With windows and USB, machine controlling is very difficult and most
of the work has to be outsourced to bought in custom processors,
controllers and software.
This really isn't true IMO. There are plenty of <$100 USB digital and/or
analog "interface" boxes out there that make life *much* simpler than "banging
the parallel port" as in the old DOS days.
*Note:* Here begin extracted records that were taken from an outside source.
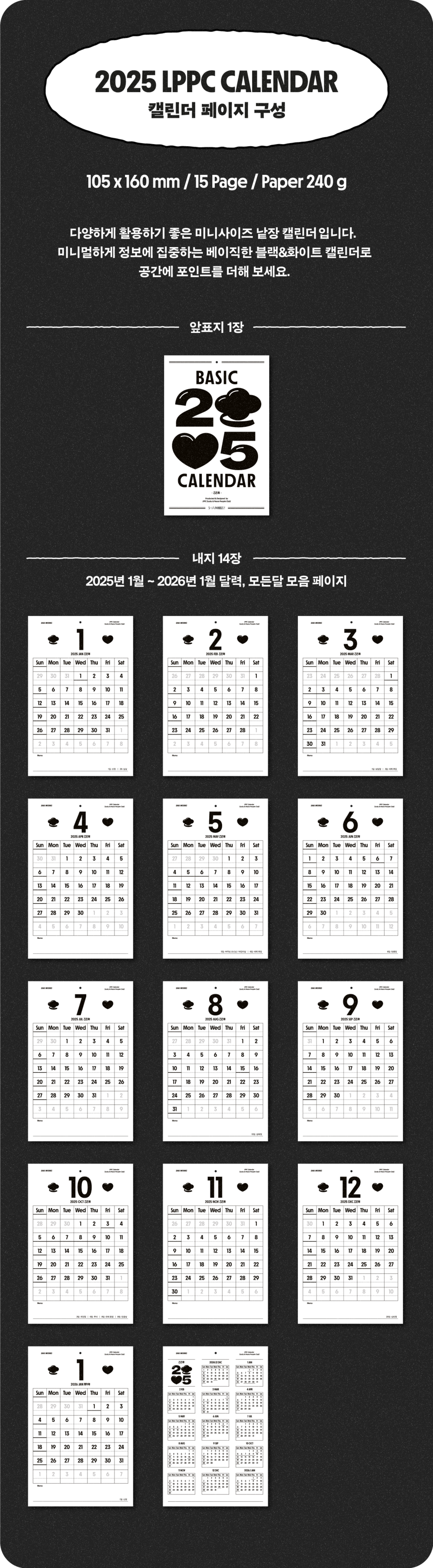 다양하게 활용하기 좋은 105 x 160 mm 사이즈의 미니 캘린더입니다. 앞표지 1장, 낱장달력 내지 14장, 총 15장으로 구성되어 있습니다.
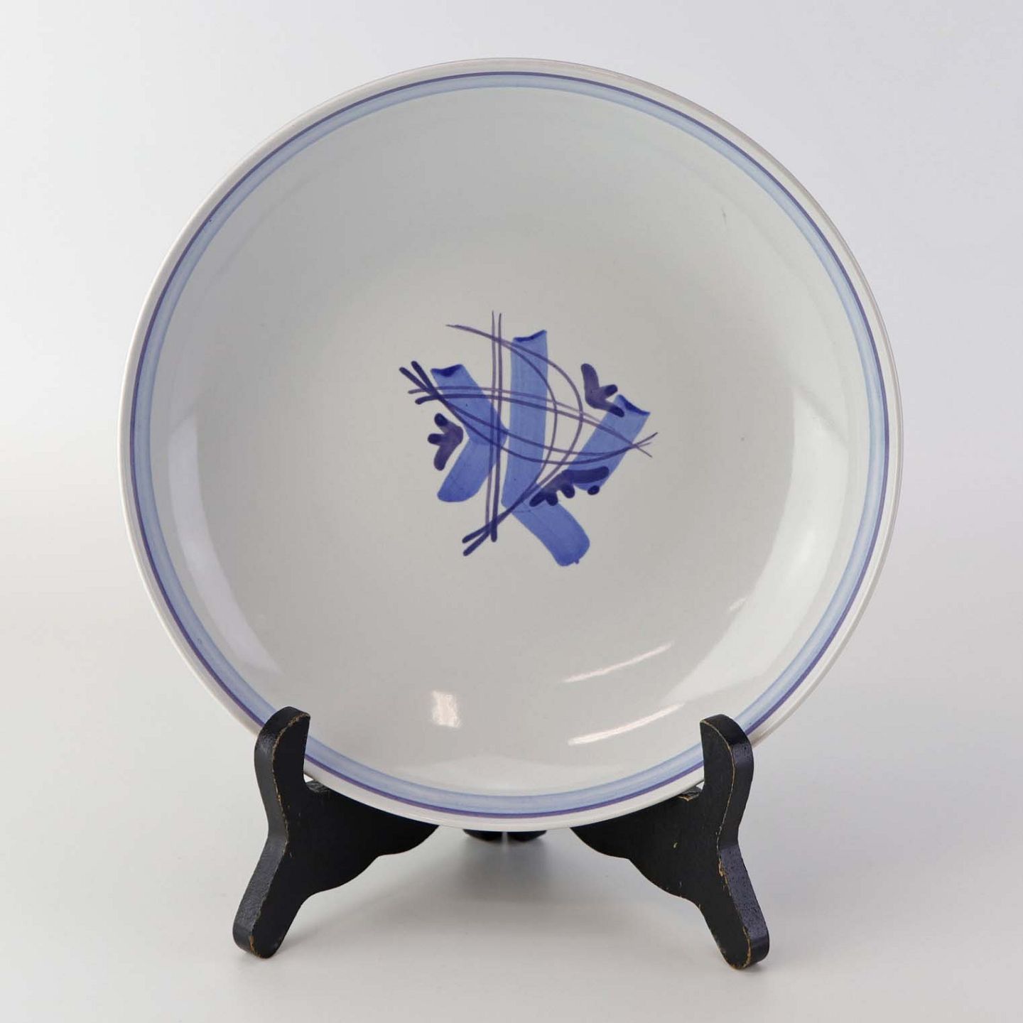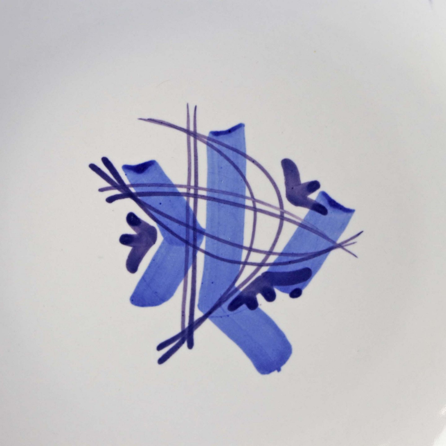 Fajancestel i stelform CA med dekoration af abstrakt motiv i blå og lyseblå på en råhvid baggrund.
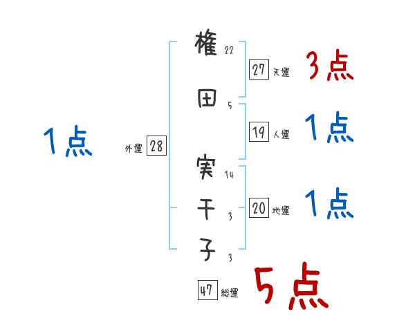 総運![]() | 権田実千子さんの総運は47画の5つ星!実力が開花し発展する円満な人生。財に恵まれる。 あなたの人生を表す1番重要な運勢です。生涯を通じて影響する総合運となり、主に50歳以降の晩年期に影響を及ぼします。 |
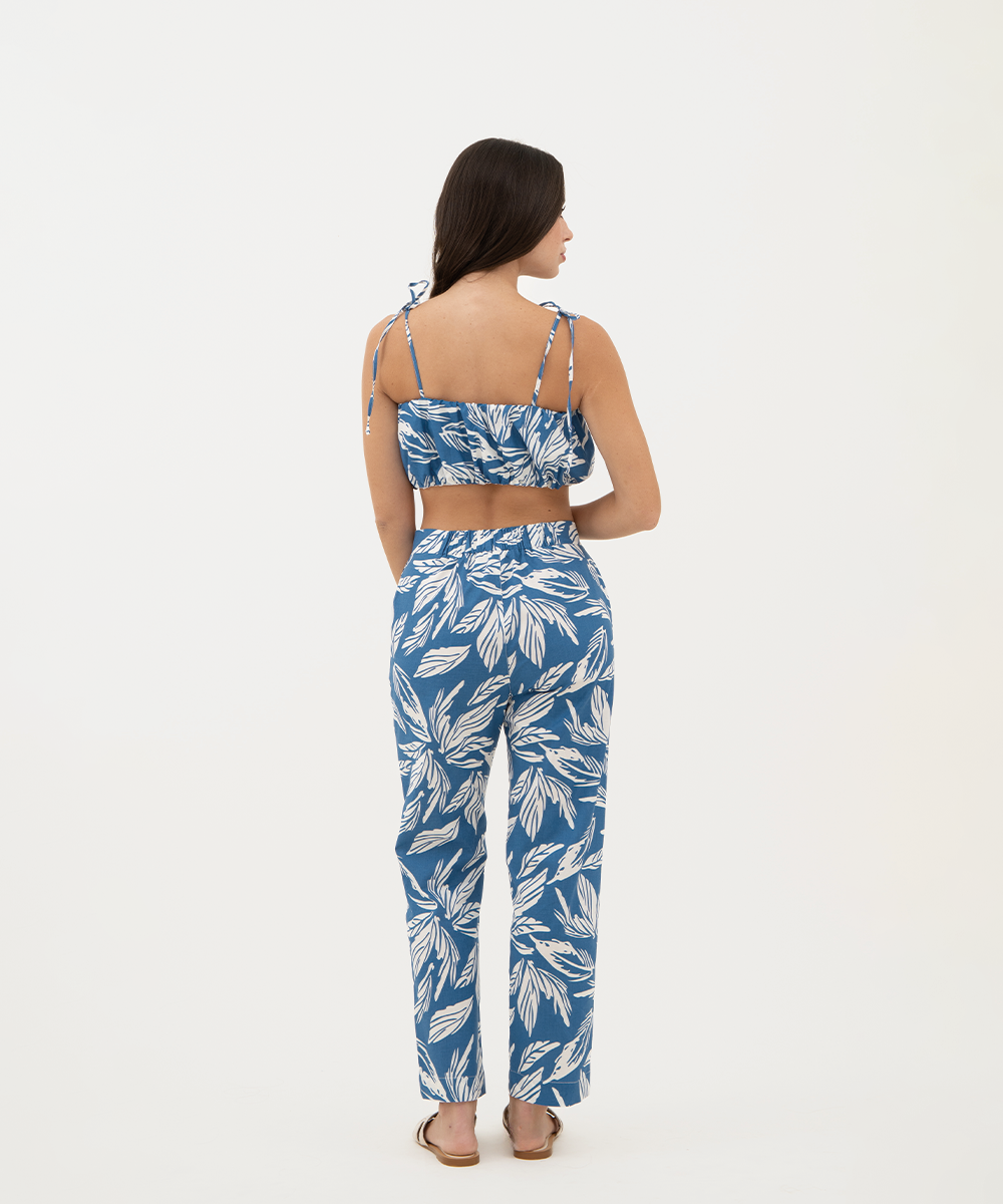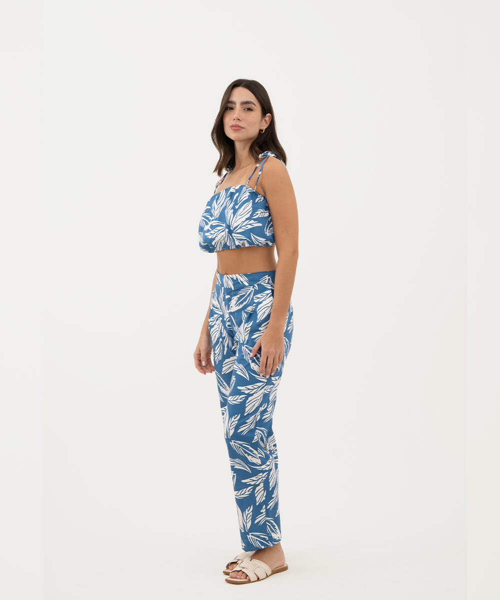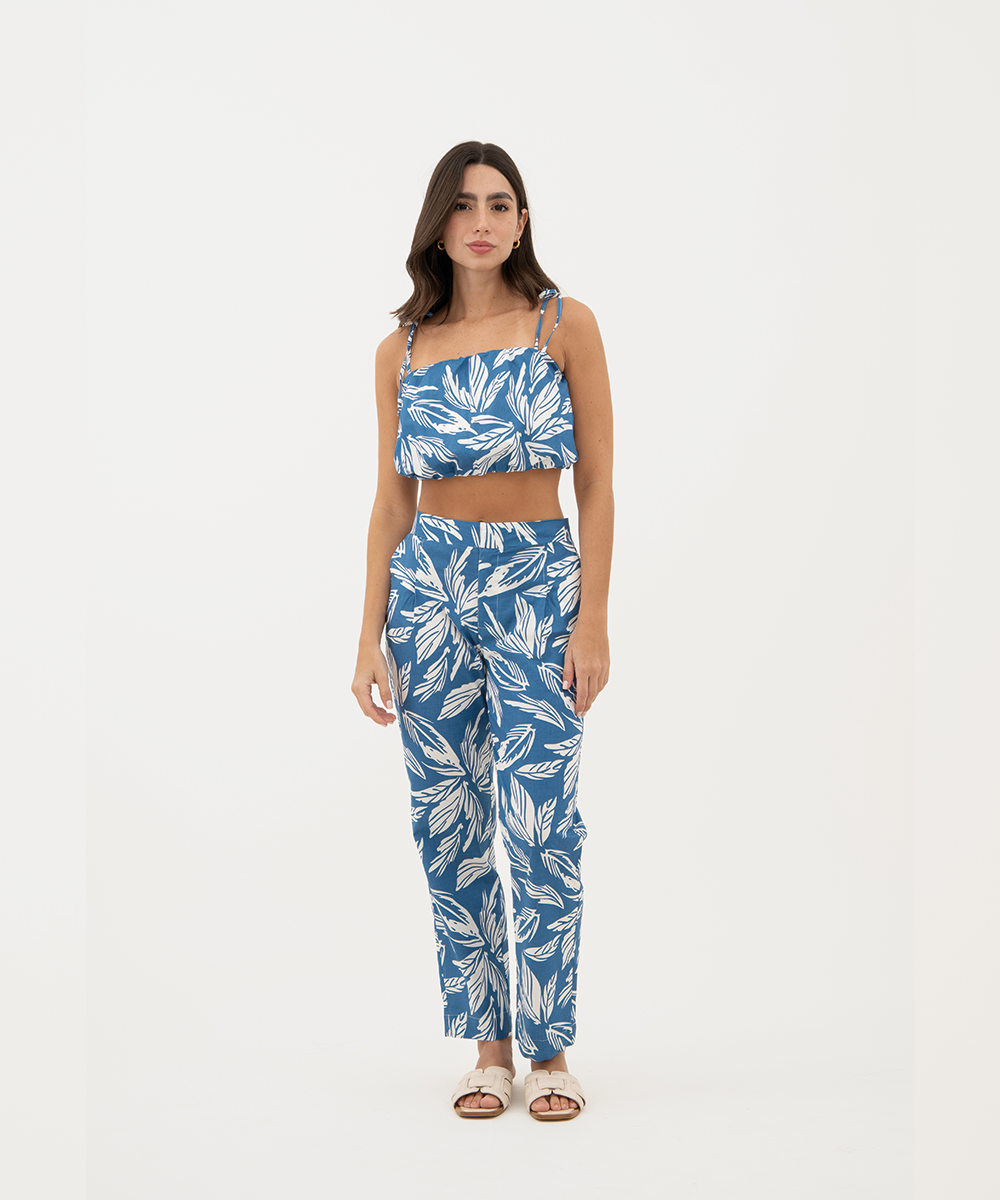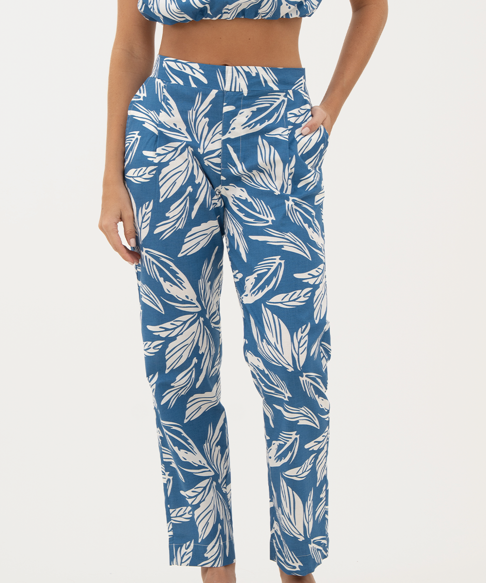 Pantalón clásico, bolsillos laterales, pretina con corte y elástico posterior, cierre frontal.

It's still perfectly reasonable to
have you PC control the timing of a bunch of stepper motors: In the DOS days
it's just that you *knew* you were the only process running on the machine,
whereas in Windows you just have to make sure there isn't tons of crapware
loaded up in the background potentially using CPU cycles if precise timing
important to you.
What *does* make software more time consuming today is that many people expect
a fancy GUI interface, which -- even when using Visual Basic or C# or one of
the C++ tool kits -- take longer than some simple "command line" program.
Still, for home/hobbyist use, there's no particular reason you need a GUI...
Essentially you now have to rely on the
skills of others whilst relegated to being just a consumer with deep
pockets.
Hardly -- PCs today are much cheaper, in real dollars, than they were 10 years
ago, and *almost free* compared to what they were, say, 25 years ago.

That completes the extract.